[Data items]
== Segment start ==
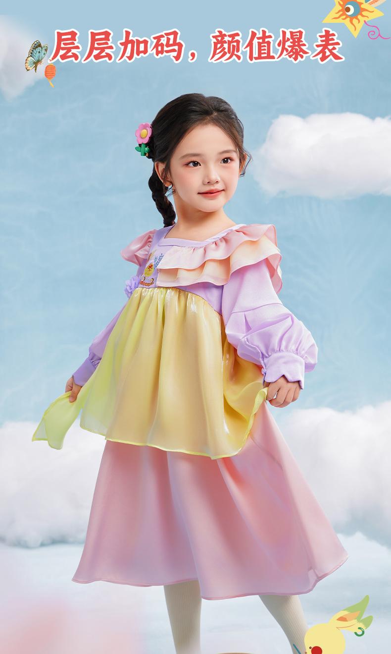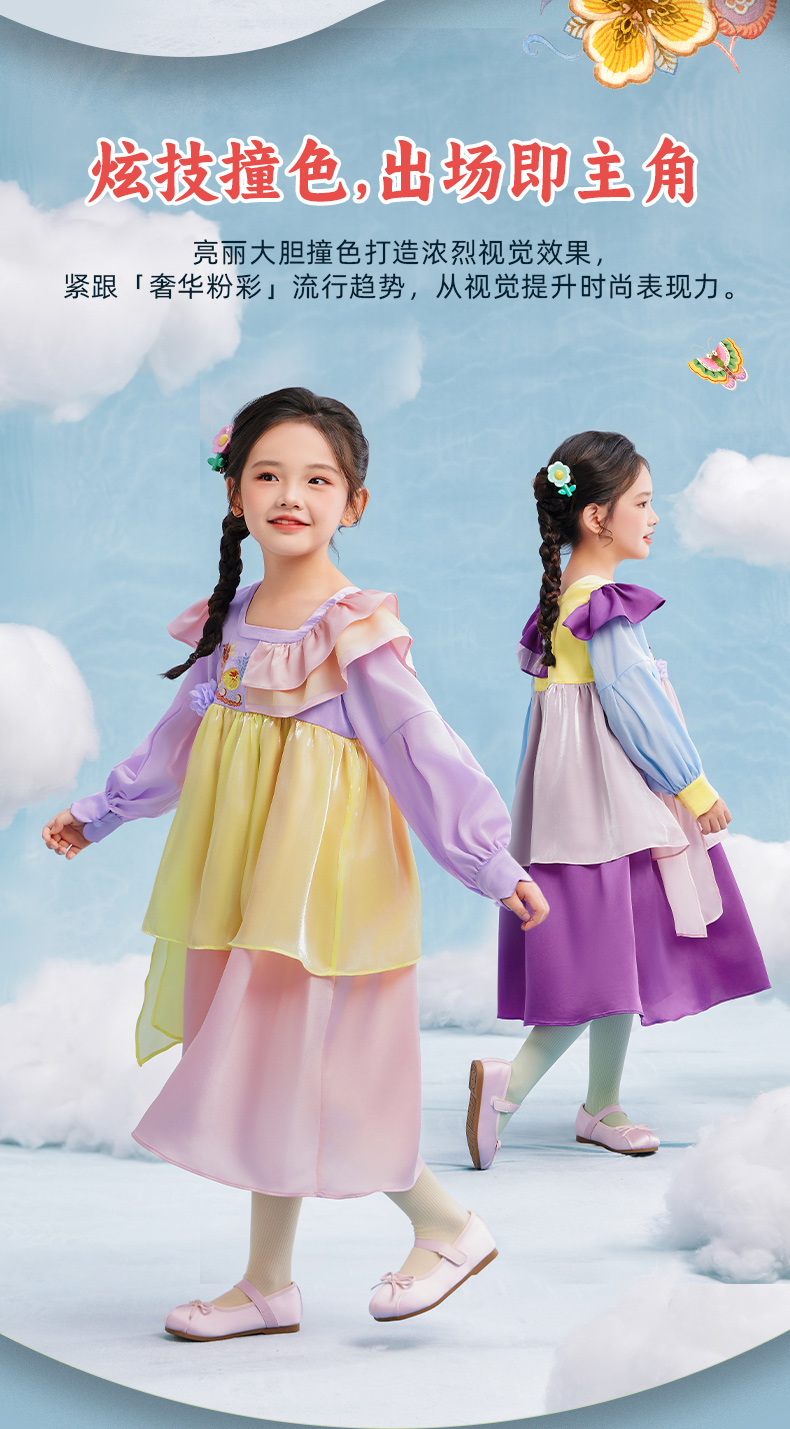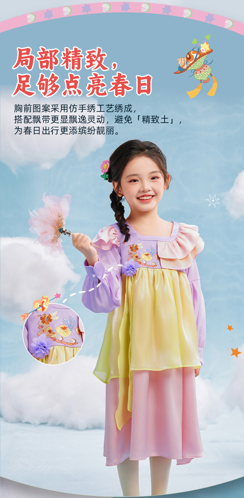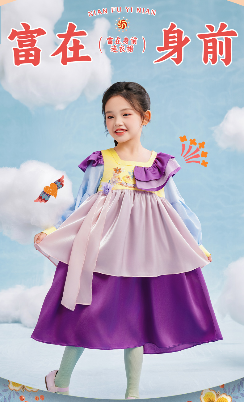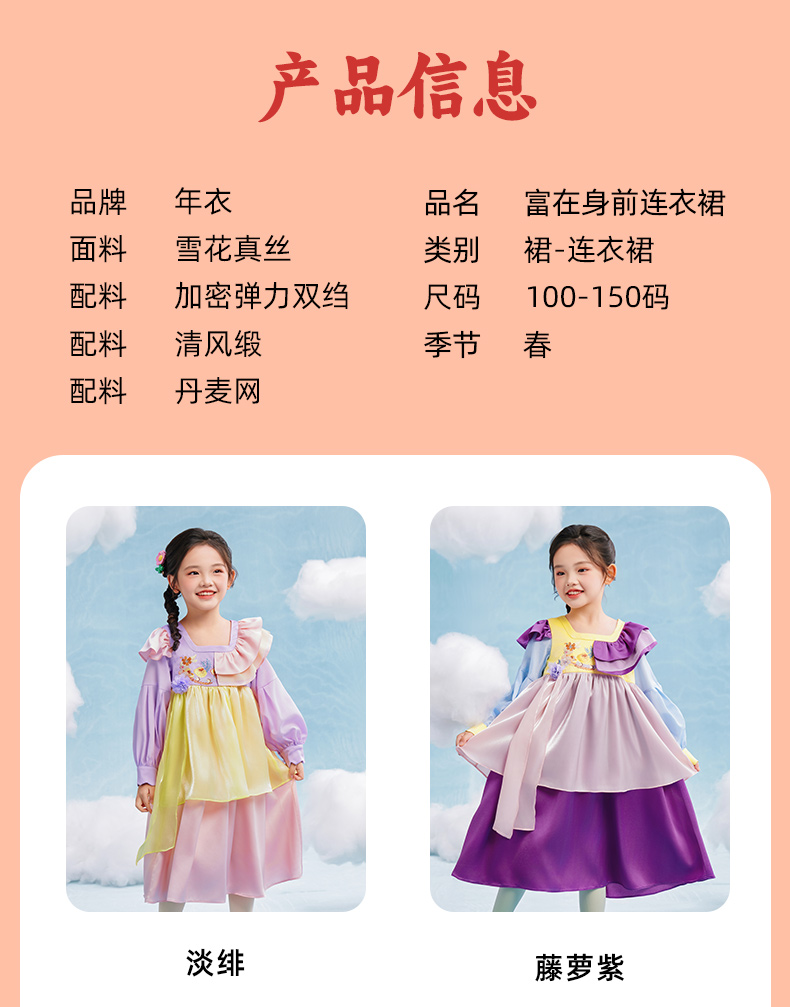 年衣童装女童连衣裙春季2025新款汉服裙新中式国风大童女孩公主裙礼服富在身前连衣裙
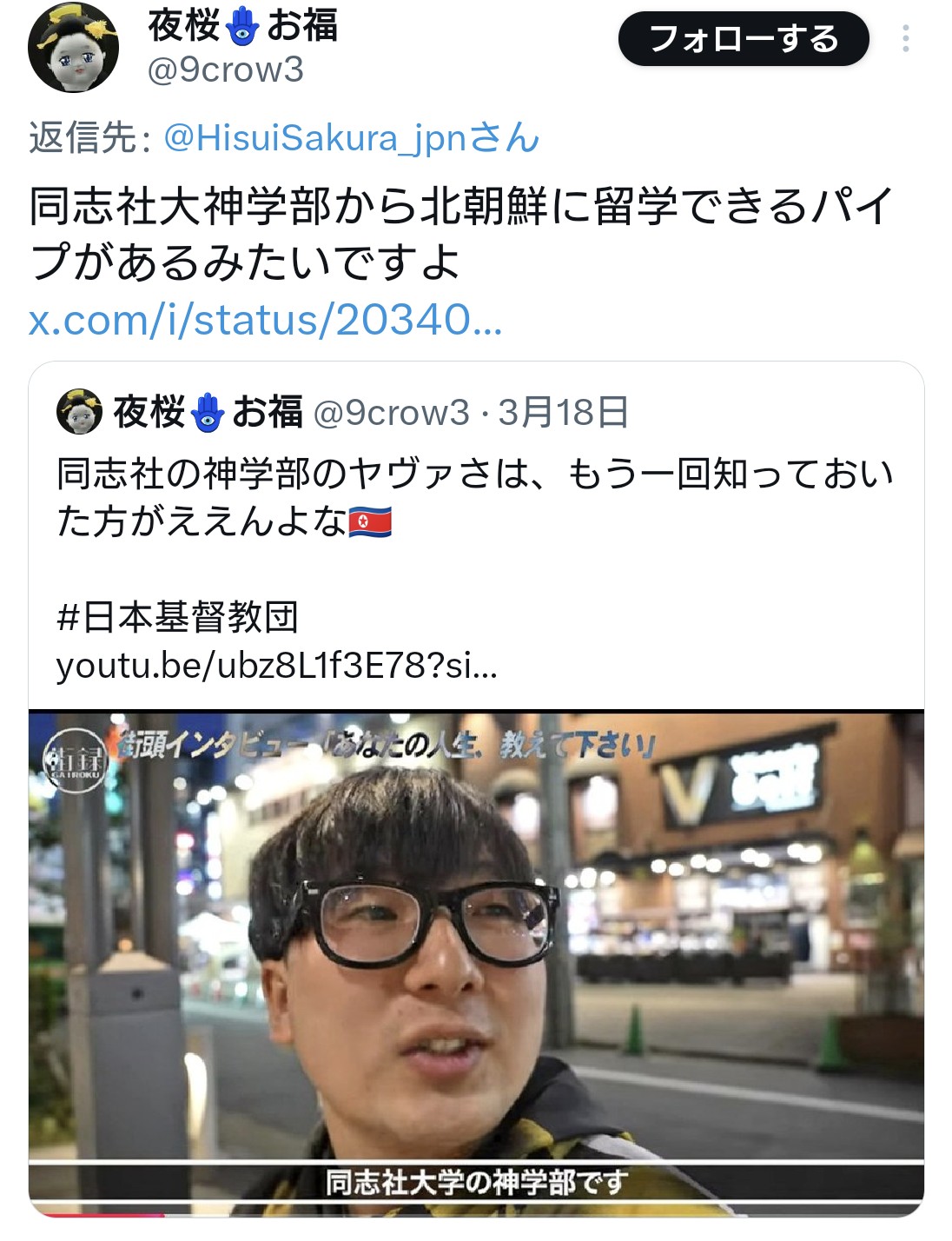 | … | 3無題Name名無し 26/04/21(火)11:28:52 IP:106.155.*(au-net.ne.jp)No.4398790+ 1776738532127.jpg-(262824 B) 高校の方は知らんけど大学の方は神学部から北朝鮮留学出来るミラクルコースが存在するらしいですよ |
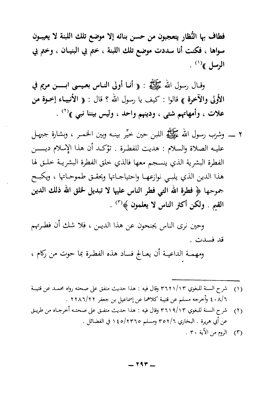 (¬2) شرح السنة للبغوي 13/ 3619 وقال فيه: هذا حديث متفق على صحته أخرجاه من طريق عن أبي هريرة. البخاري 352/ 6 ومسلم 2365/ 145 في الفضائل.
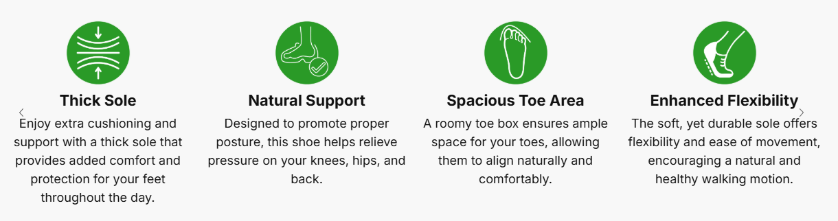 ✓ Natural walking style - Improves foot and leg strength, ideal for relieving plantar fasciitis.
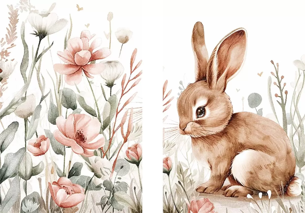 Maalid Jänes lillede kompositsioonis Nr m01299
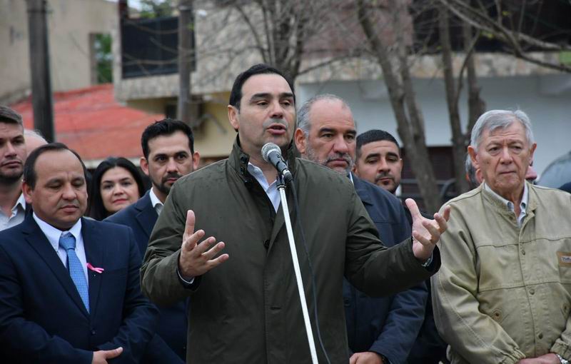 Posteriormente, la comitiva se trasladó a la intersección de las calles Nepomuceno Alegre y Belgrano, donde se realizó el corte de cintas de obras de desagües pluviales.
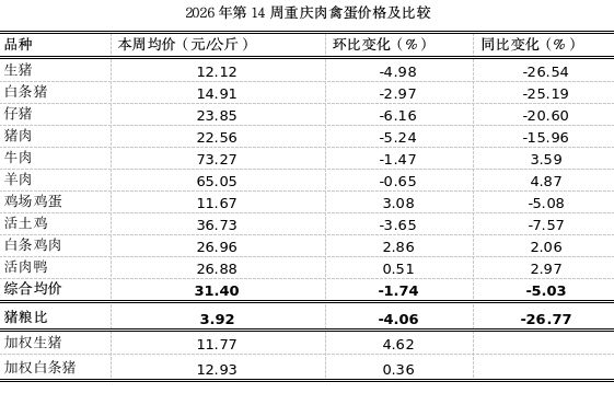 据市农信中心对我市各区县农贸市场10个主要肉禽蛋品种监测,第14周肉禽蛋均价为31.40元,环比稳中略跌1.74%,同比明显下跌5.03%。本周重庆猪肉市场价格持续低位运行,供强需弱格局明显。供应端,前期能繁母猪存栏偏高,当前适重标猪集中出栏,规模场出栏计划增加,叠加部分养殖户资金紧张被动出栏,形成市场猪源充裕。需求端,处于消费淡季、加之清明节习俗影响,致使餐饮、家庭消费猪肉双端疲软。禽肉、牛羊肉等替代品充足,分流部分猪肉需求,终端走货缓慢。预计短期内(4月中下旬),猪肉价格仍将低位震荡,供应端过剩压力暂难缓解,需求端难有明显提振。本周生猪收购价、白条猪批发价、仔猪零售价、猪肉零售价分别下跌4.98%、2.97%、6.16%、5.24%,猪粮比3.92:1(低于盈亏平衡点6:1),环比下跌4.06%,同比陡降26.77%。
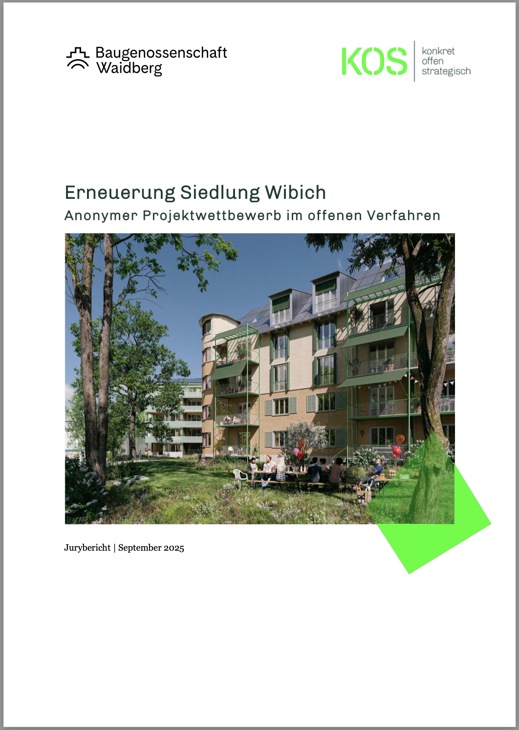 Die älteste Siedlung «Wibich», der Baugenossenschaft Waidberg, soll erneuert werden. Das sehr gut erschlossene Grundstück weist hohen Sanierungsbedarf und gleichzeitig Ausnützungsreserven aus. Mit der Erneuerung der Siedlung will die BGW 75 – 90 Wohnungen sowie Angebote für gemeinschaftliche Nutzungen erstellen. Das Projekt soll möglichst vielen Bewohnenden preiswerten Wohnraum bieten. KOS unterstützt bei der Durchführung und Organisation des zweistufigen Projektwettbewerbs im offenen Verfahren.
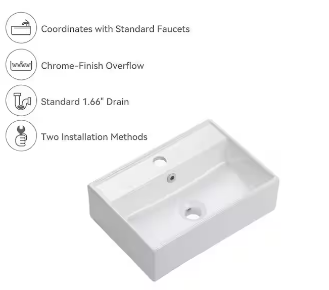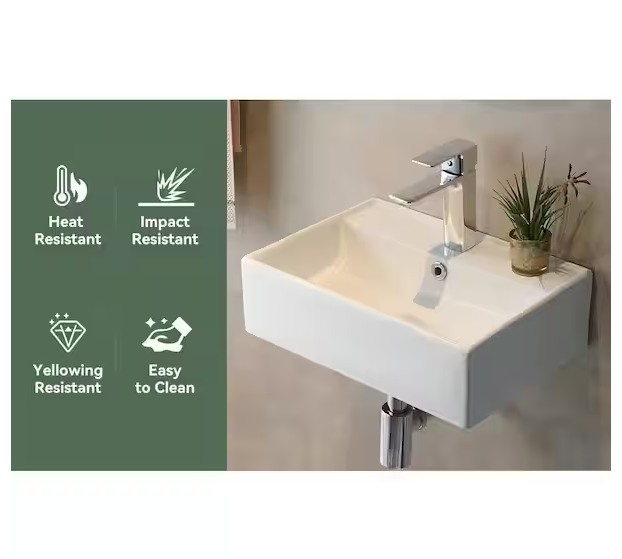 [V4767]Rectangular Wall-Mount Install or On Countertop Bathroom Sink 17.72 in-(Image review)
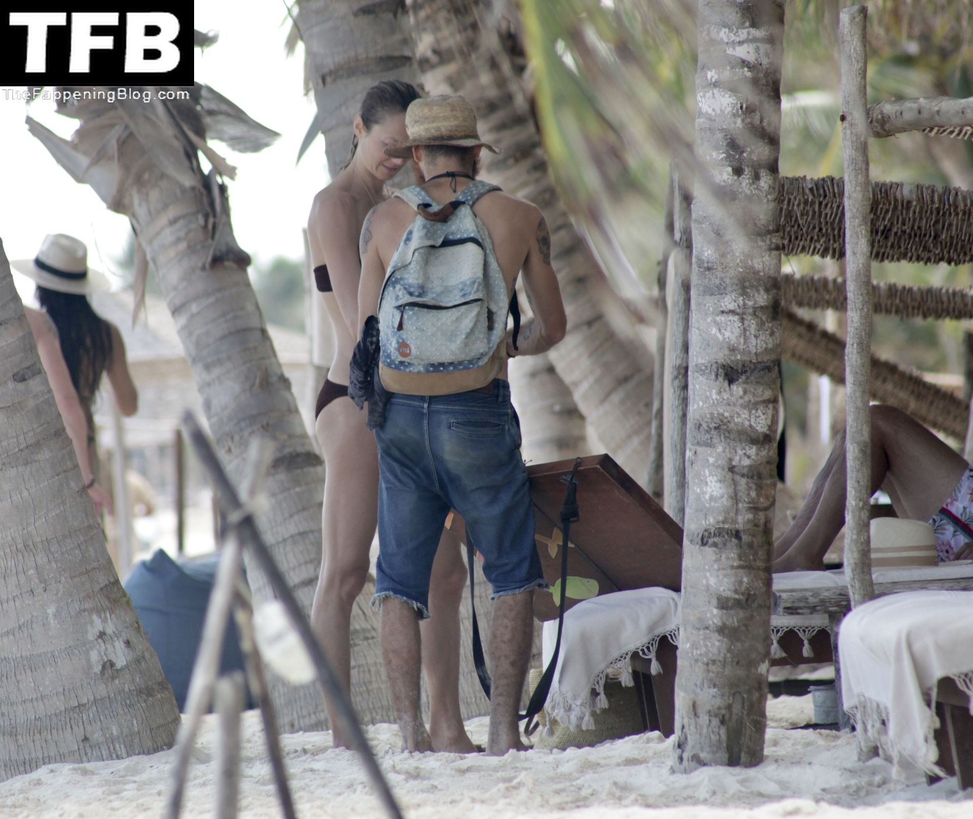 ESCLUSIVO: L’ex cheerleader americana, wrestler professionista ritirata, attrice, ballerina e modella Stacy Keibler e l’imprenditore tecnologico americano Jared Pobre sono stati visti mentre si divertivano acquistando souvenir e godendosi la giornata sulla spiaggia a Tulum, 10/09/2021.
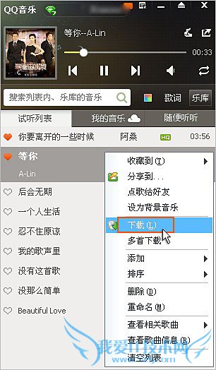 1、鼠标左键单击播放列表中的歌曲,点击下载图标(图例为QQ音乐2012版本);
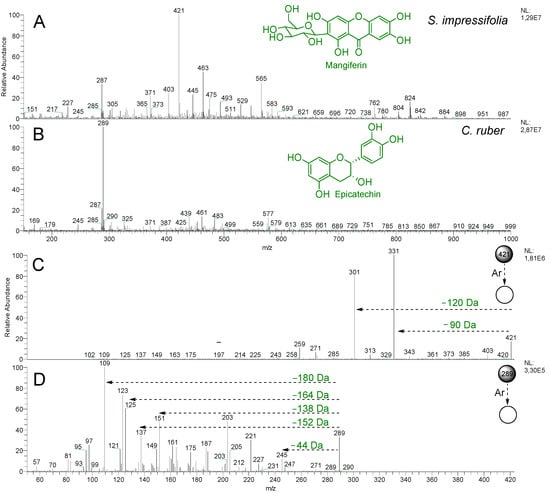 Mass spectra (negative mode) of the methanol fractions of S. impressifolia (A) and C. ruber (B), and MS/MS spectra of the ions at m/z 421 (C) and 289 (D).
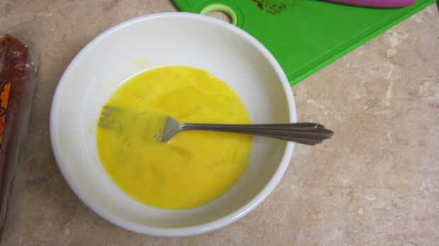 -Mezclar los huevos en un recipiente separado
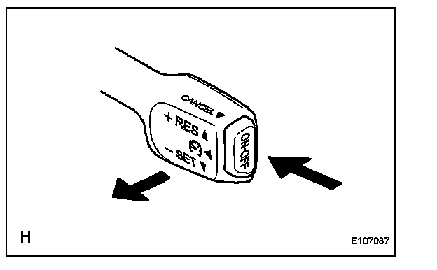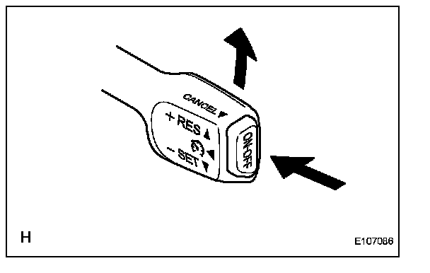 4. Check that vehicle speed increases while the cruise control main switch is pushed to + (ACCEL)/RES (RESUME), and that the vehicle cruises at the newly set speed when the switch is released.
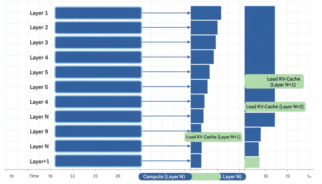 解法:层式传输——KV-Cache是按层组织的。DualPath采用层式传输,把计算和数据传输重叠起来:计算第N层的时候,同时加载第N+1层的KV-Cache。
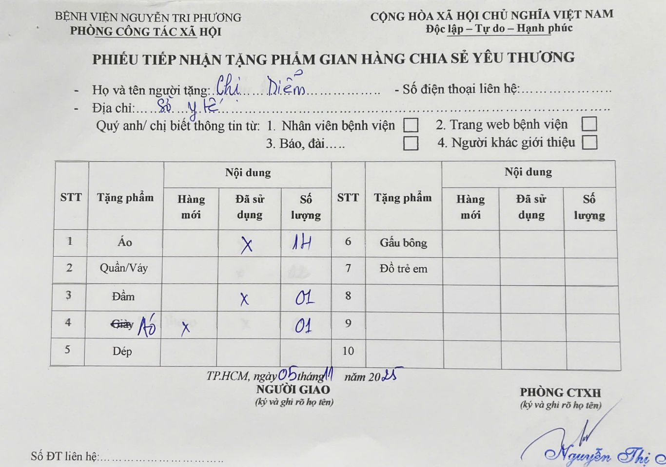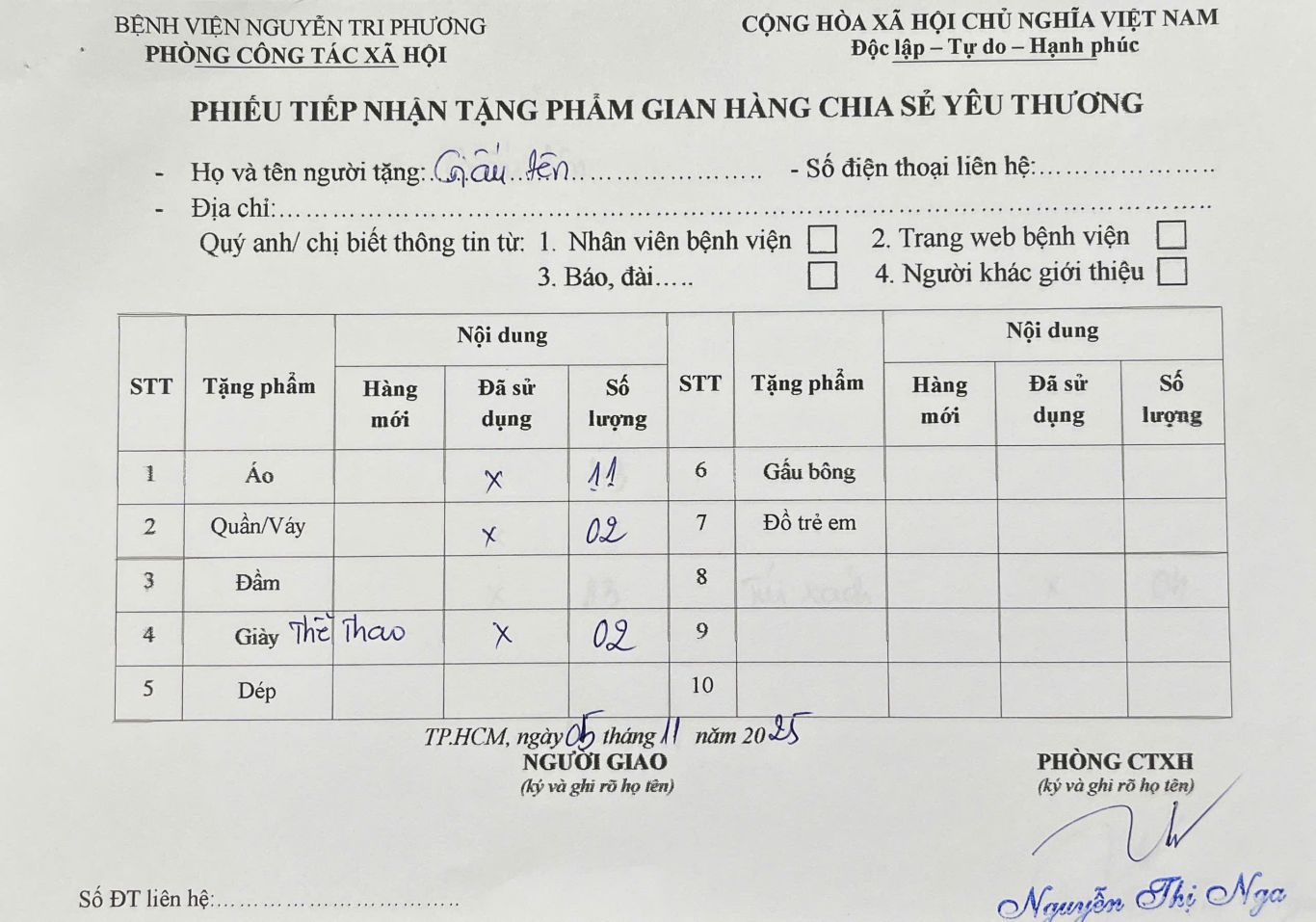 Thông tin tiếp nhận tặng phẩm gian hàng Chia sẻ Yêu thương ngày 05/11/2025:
== Segment end ==
### Task objective
The entries above, without their pictures, should be written out exactly.

### Task solution
 年衣童装女童连衣裙春季2025新款汉服裙新中式国风大童女孩公主裙礼服富在身前连衣裙
 | … | 3無題Name名無し 26/04/21(火)11:28:52 IP:106.155.*(au-net.ne.jp)No.4398790+ 1776738532127.jpg-(262824 B) 高校の方は知らんけど大学の方は神学部から北朝鮮留学出来るミラクルコースが存在するらしいですよ |
 (¬2) شرح السنة للبغوي 13/ 3619 وقال فيه: هذا حديث متفق على صحته أخرجاه من طريق عن أبي هريرة. البخاري 352/ 6 ومسلم 2365/ 145 في الفضائل.
 ✓ Natural walking style - Improves foot and leg strength, ideal for relieving plantar fasciitis.
 Maalid Jänes lillede kompositsioonis Nr m01299
 Posteriormente, la comitiva se trasladó a la intersección de las calles Nepomuceno Alegre y Belgrano, donde se realizó el corte de cintas de obras de desagües pluviales.
 据市农信中心对我市各区县农贸市场10个主要肉禽蛋品种监测,第14周肉禽蛋均价为31.40元,环比稳中略跌1.74%,同比明显下跌5.03%。本周重庆猪肉市场价格持续低位运行,供强需弱格局明显。供应端,前期能繁母猪存栏偏高,当前适重标猪集中出栏,规模场出栏计划增加,叠加部分养殖户资金紧张被动出栏,形成市场猪源充裕。需求端,处于消费淡季、加之清明节习俗影响,致使餐饮、家庭消费猪肉双端疲软。禽肉、牛羊肉等替代品充足,分流部分猪肉需求,终端走货缓慢。预计短期内(4月中下旬),猪肉价格仍将低位震荡,供应端过剩压力暂难缓解,需求端难有明显提振。本周生猪收购价、白条猪批发价、仔猪零售价、猪肉零售价分别下跌4.98%、2.97%、6.16%、5.24%,猪粮比3.92:1(低于盈亏平衡点6:1),环比下跌4.06%,同比陡降26.77%。
 Die älteste Siedlung «Wibich», der Baugenossenschaft Waidberg, soll erneuert werden. Das sehr gut erschlossene Grundstück weist hohen Sanierungsbedarf und gleichzeitig Ausnützungsreserven aus. Mit der Erneuerung der Siedlung will die BGW 75 – 90 Wohnungen sowie Angebote für gemeinschaftliche Nutzungen erstellen. Das Projekt soll möglichst vielen Bewohnenden preiswerten Wohnraum bieten. KOS unterstützt bei der Durchführung und Organisation des zweistufigen Projektwettbewerbs im offenen Verfahren.
 [V4767]Rectangular Wall-Mount Install or On Countertop Bathroom Sink 17.72 in-(Image review)
 ESCLUSIVO: L’ex cheerleader americana, wrestler professionista ritirata, attrice, ballerina e modella Stacy Keibler e l’imprenditore tecnologico americano Jared Pobre sono stati visti mentre si divertivano acquistando souvenir e godendosi la giornata sulla spiaggia a Tulum, 10/09/2021.
 1、鼠标左键单击播放列表中的歌曲,点击下载图标(图例为QQ音乐2012版本);
 Mass spectra (negative mode) of the methanol fractions of S. impressifolia (A) and C. ruber (B), and MS/MS spectra of the ions at m/z 421 (C) and 289 (D).
 -Mezclar los huevos en un recipiente separado
 4. Check that vehicle speed increases while the cruise control main switch is pushed to + (ACCEL)/RES (RESUME), and that the vehicle cruises at the newly set speed when the switch is released.
 解法:层式传输——KV-Cache是按层组织的。DualPath采用层式传输,把计算和数据传输重叠起来:计算第N层的时候,同时加载第N+1层的KV-Cache。
 Thông tin tiếp nhận tặng phẩm gian hàng Chia sẻ Yêu thương ngày 05/11/2025:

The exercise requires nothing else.